▶ **Task to carry out**: The answer must be an exact copy of the records, with every picture removed.

(Stored items from a collection)
- - - -

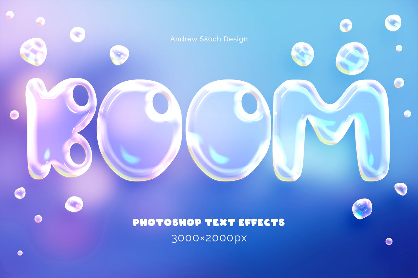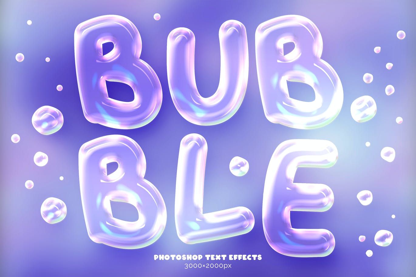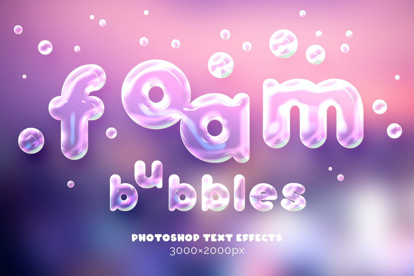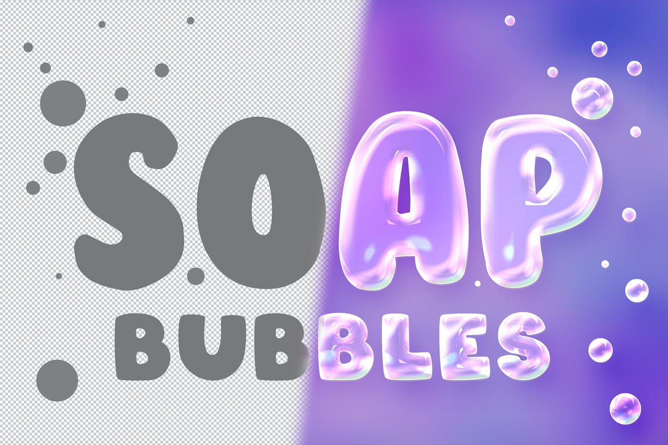 肥皂泡的真实效果只需要几秒钟,适合你的文本、标志、形状的魔术泡沫!易于使用的Photoshop模型。只需编辑智能对象内的文本并保存。
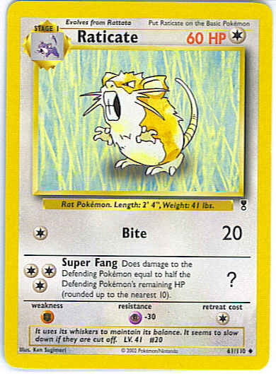 Type | Colorless | Pokemon serie | Legendary Collection | Stadie | Stage 1 | HP | 60 | Sjældenhed | Uncommon | Tilbagetrækning | 1 | Modstand | P | Svaghed | F | Kortnummer | 61 | Evne |
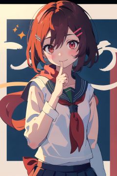 1girl,tateyama ayano,red scarf,solo,scarf,hair ornament,black hair,school uniform,red eyes,enpera,letterboxed,hairclip,smile,white neckerchief,serafuku,long hair,heterochromia,index finger raised,finger to mouth,black serafuku,upper body,black eyes,sailor collar,looking at viewer,long sleeves,neckerchief,shushing,shirt,black shirt,head tilt,closed mouth,bangs,black sailor collar,hand up,looking to the side,hair between eyes,medium hair,<lora:Muse_DashV4-000390:1>,
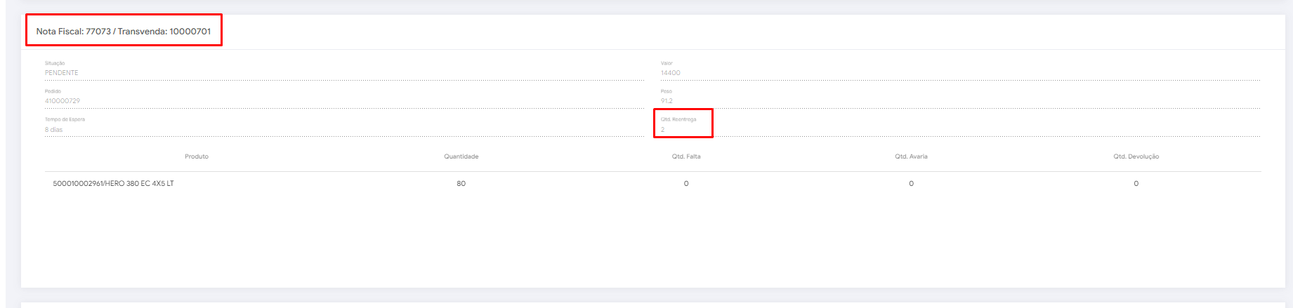 Ao marcar a entrega como “Reentrega” todas as NFs vinculadas a essa entrega contabilizarão +1 na tabela para quantificar as vezes que a NF da entrega foi marcada para ser reentregue.
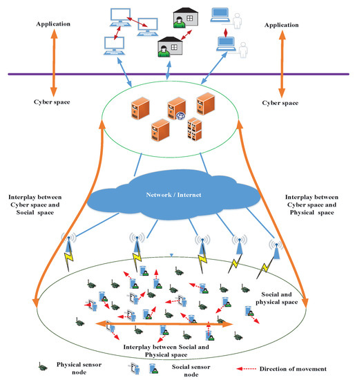 In recent years, cyber-physical-social system (CPSS) attracts a great amount of attention because it considers the integration of the human activity with CPS or IoT. Many applications based on CPSS have been developed, such as intelligent transportation [2] and smart city [3]. The corresponding architecture, methodology, control, and command schemes are also proposed [1,4,5]. In particular, the sensing network architecture based on WSN as an important part of CPSS plays a significant role for sensing, transmitting and collecting information. Since the WSN architecture composed of social and physical sensor nodes is significantly different from that of traditional WSN, the related research works on traditional WSN are not applicable for CPSS due to the characteristics of dynamic social mobility for social sensors. Therefore, some novel methods are proposed to solve the emerging problems in CPSS. For example, a moving centroid based routing protocol is presented to deal with the incompletely predictable cyber devices in cyber-physical-social distributed systems [6]. In [7], the authors studied a fusion scheme of cellular network and wireless sensor for CPSS. To prolong the lifetime of the IoT, a novel rendezvous data routing scheme based on lower sensors is proposed to achieve the data transmission for scalable CPS networking infrastructure [8]. In addition, a new sensor trajectory planning method is proposed to solve the trajectory planning problem for robotic CPSS [9]. However, all the above-mentioned methods have not considered the improvement of transmission efficiency of the novel WSN in CPSS. In [24], the authors presented a framework and infrastructure of collaborative CPS to improve the management efficiency of the increasing number of devices. The importance of collaboration among components is considered.
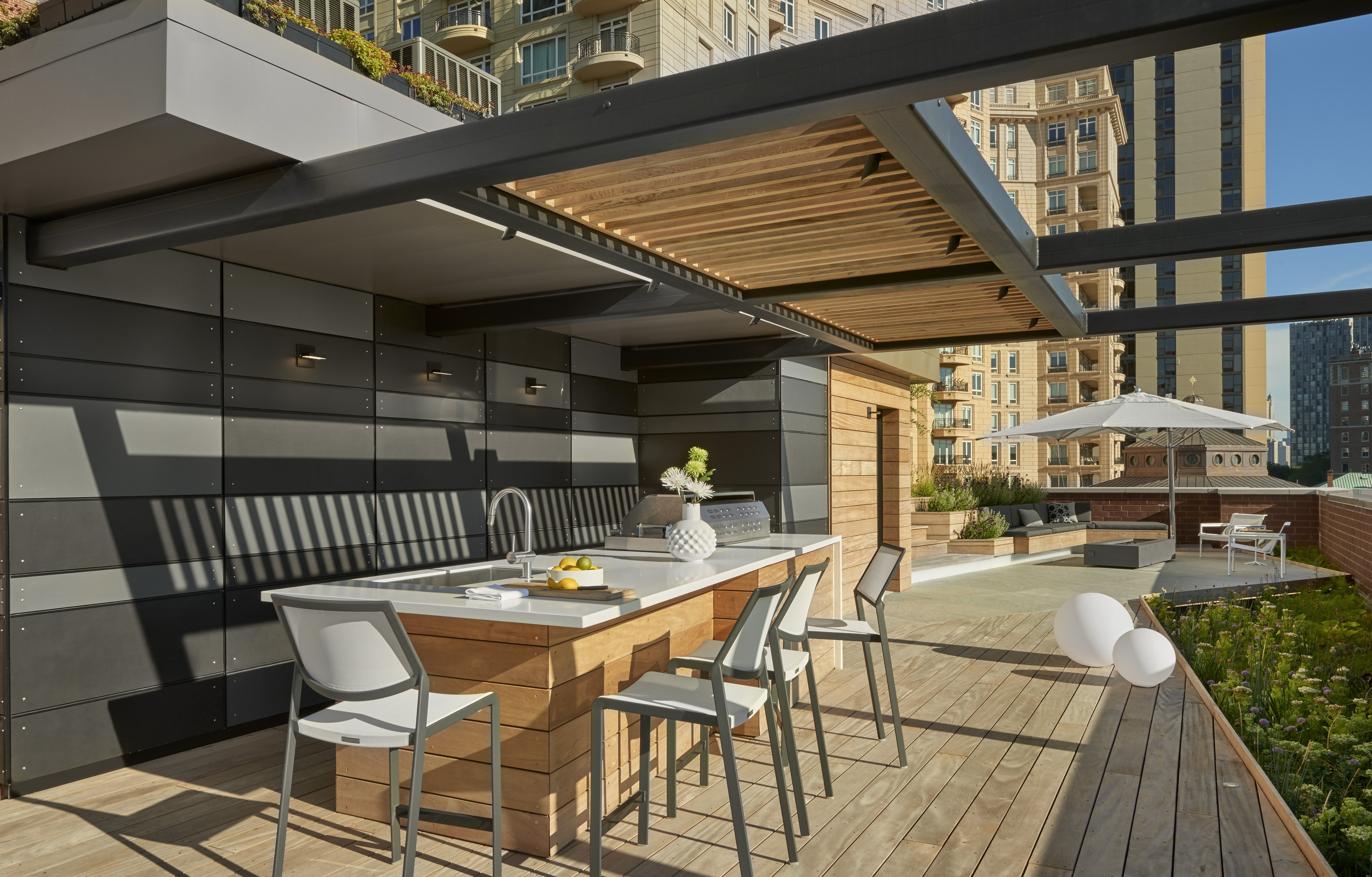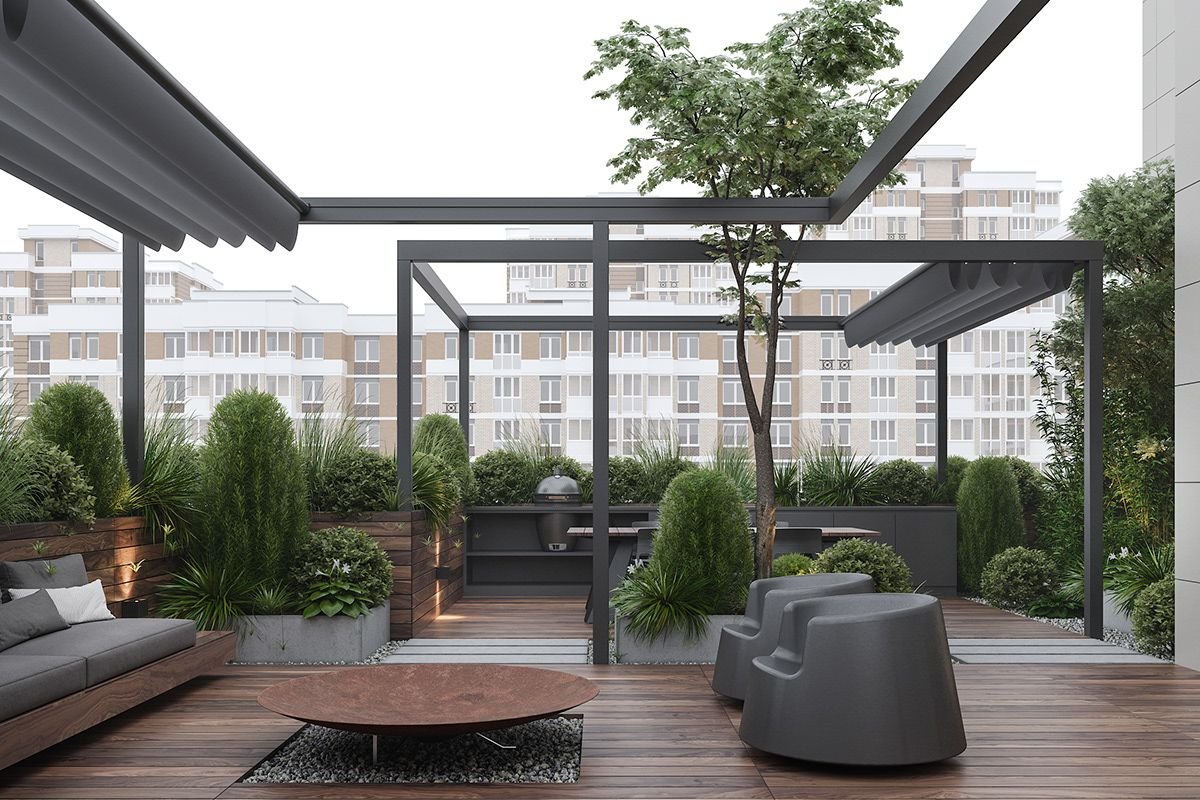 Пергола на крыше многоэтажки

- - - -

▶ **Solution for this problem**:
 肥皂泡的真实效果只需要几秒钟,适合你的文本、标志、形状的魔术泡沫!易于使用的Photoshop模型。只需编辑智能对象内的文本并保存。
 Type | Colorless | Pokemon serie | Legendary Collection | Stadie | Stage 1 | HP | 60 | Sjældenhed | Uncommon | Tilbagetrækning | 1 | Modstand | P | Svaghed | F | Kortnummer | 61 | Evne |
 1girl,tateyama ayano,red scarf,solo,scarf,hair ornament,black hair,school uniform,red eyes,enpera,letterboxed,hairclip,smile,white neckerchief,serafuku,long hair,heterochromia,index finger raised,finger to mouth,black serafuku,upper body,black eyes,sailor collar,looking at viewer,long sleeves,neckerchief,shushing,shirt,black shirt,head tilt,closed mouth,bangs,black sailor collar,hand up,looking to the side,hair between eyes,medium hair,<lora:Muse_DashV4-000390:1>,
 Ao marcar a entrega como “Reentrega” todas as NFs vinculadas a essa entrega contabilizarão +1 na tabela para quantificar as vezes que a NF da entrega foi marcada para ser reentregue.
 In recent years, cyber-physical-social system (CPSS) attracts a great amount of attention because it considers the integration of the human activity with CPS or IoT. Many applications based on CPSS have been developed, such as intelligent transportation [2] and smart city [3]. The corresponding architecture, methodology, control, and command schemes are also proposed [1,4,5]. In particular, the sensing network architecture based on WSN as an important part of CPSS plays a significant role for sensing, transmitting and collecting information. Since the WSN architecture composed of social and physical sensor nodes is significantly different from that of traditional WSN, the related research works on traditional WSN are not applicable for CPSS due to the characteristics of dynamic social mobility for social sensors. Therefore, some novel methods are proposed to solve the emerging problems in CPSS. For example, a moving centroid based routing protocol is presented to deal with the incompletely predictable cyber devices in cyber-physical-social distributed systems [6]. In [7], the authors studied a fusion scheme of cellular network and wireless sensor for CPSS. To prolong the lifetime of the IoT, a novel rendezvous data routing scheme based on lower sensors is proposed to achieve the data transmission for scalable CPS networking infrastructure [8]. In addition, a new sensor trajectory planning method is proposed to solve the trajectory planning problem for robotic CPSS [9]. However, all the above-mentioned methods have not considered the improvement of transmission efficiency of the novel WSN in CPSS. In [24], the authors presented a framework and infrastructure of collaborative CPS to improve the management efficiency of the increasing number of devices. The importance of collaboration among components is considered.
 Пергола на крыше многоэтажки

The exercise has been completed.